Combinatorial analysis and enumerating formulas

All the formulas that follow will always have two cases:

without repetition
with repetition: in this case there will be a bar above to mean "with repetition"

For example, if we note the arrangements without repetition $A_n$, we will note $\overline{A_n}$ those with possible repetition.

Permutations

The number of permutations of the elements of a set (without repetition)

For any set $E$ of $n$ elements, the number of possible permutations without repetition is:

$$ \forall n \in \mathbb{N}, $$

$$ P_n = n !$$

The number of permutations of the elements of a set (with repetition)

For any set $E = \{e_1, e_2, e_3, \ ..., \ e_n \}$ with $k_1, k_2, k_3, ...,k_{n}$ the number of occurrences of each element, the number of possible permutations is:

$$ \forall n \in \mathbb{N}, \ \forall (k_1, k_2, k_3, ...,k_n),$$

$$ \overline{P_n} = \frac{ \left( \sum\limits_{i=1}^{n} k_i \right) ! }{\prod\limits_{i=1}^{n} k_i ! } = \frac{\bigl(k_1 + k_2 \hspace{0.05em} + \hspace{0.05em} ... \hspace{0.05em} + k_n \hspace{0.05em}\bigr) !}{k_1 ! \times k_2 ! \hspace{0.05em} \times \hspace{0.05em} ... \hspace{0.05em} \times k_n ! } $$

Arrangements (with a certain order)

The number of arrangements of the elements of a set (without repetition)

The number of arrangements without repetition of $p$ elements taken from a set of $n$ are worth:

$$ \forall (p,n) \in \hspace{0.05em}\mathbb{N}^2, \enspace p \leqslant n, $$

$$ A_n^p = \frac{n !}{(n-p) !}$$

The number of arrangements of the elements of a set (with repetition)

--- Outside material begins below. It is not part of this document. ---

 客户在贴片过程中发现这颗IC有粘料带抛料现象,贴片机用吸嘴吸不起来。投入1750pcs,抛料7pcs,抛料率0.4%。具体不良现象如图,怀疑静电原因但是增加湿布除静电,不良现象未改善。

The number of arrangements with repetition of $p$ elements taken from a set of $n$ are worth:

$$ \forall (p,n) \in \hspace{0.05em}\mathbb{N}^2, \enspace p \leqslant n, $$

$$ \overline{A_n^p} = n^p$$

Combinations (without any order)

The number of ways to take distinct elements from a set (without repetition)

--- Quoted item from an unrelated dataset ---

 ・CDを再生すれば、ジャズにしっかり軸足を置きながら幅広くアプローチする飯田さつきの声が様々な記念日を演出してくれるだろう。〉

The number of ways to take $p$ elements (distinct and without repetition) in a set of $n$ elements are worth:

$$ \forall (p,n) \in \hspace{0.05em}\mathbb{N}^2, \enspace p \leqslant n, $$

$$ \binom{n}{p} = \frac{n !}{p ! (n-p) !}$$

($\Longrightarrow$ voir les propriétés du binôme)

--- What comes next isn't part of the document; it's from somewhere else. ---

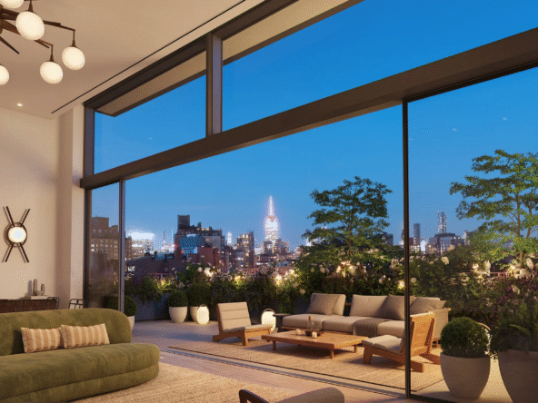McBride’s 1,600-square-foot aerie offers the ultimate Manhattan experience, featuring floor-to-ceiling windows with breathtaking views of the city skyline and direct sightlines to the iconic High Line park. The upscale unit boasts two spacious bedrooms and 2.5 baths, with the primary bathroom serving as a true sanctuary complete with a deep soaking tub and elegant marble flooring.

The number of ways to take distinct elements from a set (with repetition)

The number of ways to take $p$ elements (distinct and with repetition) in a set of $n$ elements are worth:

$$ \forall (p,n) \in \hspace{0.05em}\mathbb{N}^2, \ n \geqslant 1, $$

$$ \left(\binom{n}{p}\right) = \binom{n + p - 1}{p} = \frac{(n + p -1) !}{p ! (n-1) !}$$

The number of possible parts of a set

The number of possible parts of a set $E = \{e_1, e_2, e_3, \ ..., e_n\}$, that's to say :

$$ \Bigl \{ \{ \emptyset \}, \{e_1\}, \{e_2\}, \{e_3\}, \ ..., \ \{e_1, e_2\}, \ \{e_1, e_3\}, \ \{e_2, e_3\}, \ ..., \ \{e_1, e_2, e_3\}, \ \{e_1, e_3, e_4\}, \ \{e_1, e_2, e_4\}, \ ..., \ \{e_1, e_2, e_3, \ ..., e_n\} \Bigr \}$$

is worth :

$$ \forall n \in \mathbb{N}, $$

$$ \sum_{p = 0}^n \binom{n}{p} = \hspace{0.2em} 2^n $$

Summary of combinatorics and enumeration formulas

Demonstrations

Let $E$ be a set composed of $n$ éléments :

$$E = \{e_1, e_2, e_3, \ ..., e_n\}$$

Permutations

The number of permutations of the elements of a set (without repetition)

For the first choice, we do have $n$ possibilities. For the second, we do have $(n-1)$ since a first element has already been chosen. In the same way, for the third, we will have $(n-2)$...etc., up to the last element $(n-(n-1))$.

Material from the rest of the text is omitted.